## TASK REQUIREMENTS
Please copy the data exactly as it stands, minus the images.

## SOURCE MATERIAL
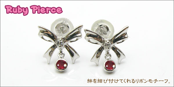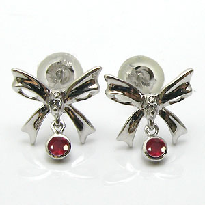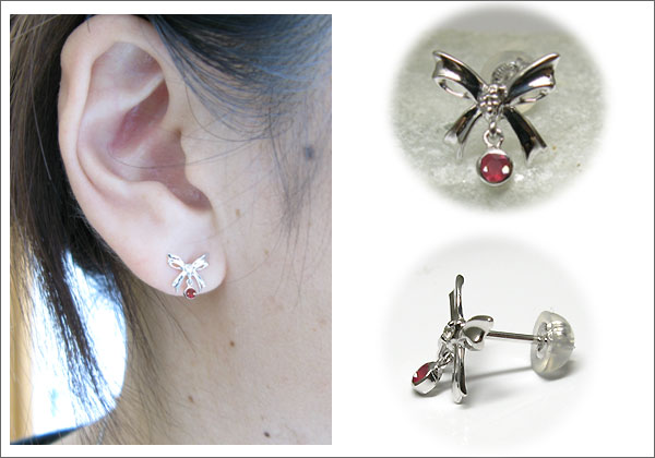 7月誕生石ルビーを二粒使用したリボンデザインの10金製ピアスです。
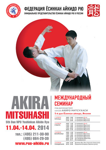 Мы рады пригласить Вас принять участие в ежегодном открытом семинаре по «Ёсинкан Айкидо Рю» под руководством Сенсея Акира Митсухаси 5 дан Ёсинкан Айкидо.
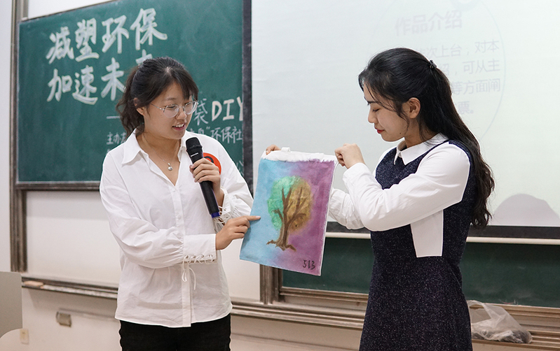 “绿色方舟”环保社团举办校园DIY环保帆布袋活动。

## TASK SOLUTION
 7月誕生石ルビーを二粒使用したリボンデザインの10金製ピアスです。
 Мы рады пригласить Вас принять участие в ежегодном открытом семинаре по «Ёсинкан Айкидо Рю» под руководством Сенсея Акира Митсухаси 5 дан Ёсинкан Айкидо.
 “绿色方舟”环保社团举办校园DIY环保帆布袋活动。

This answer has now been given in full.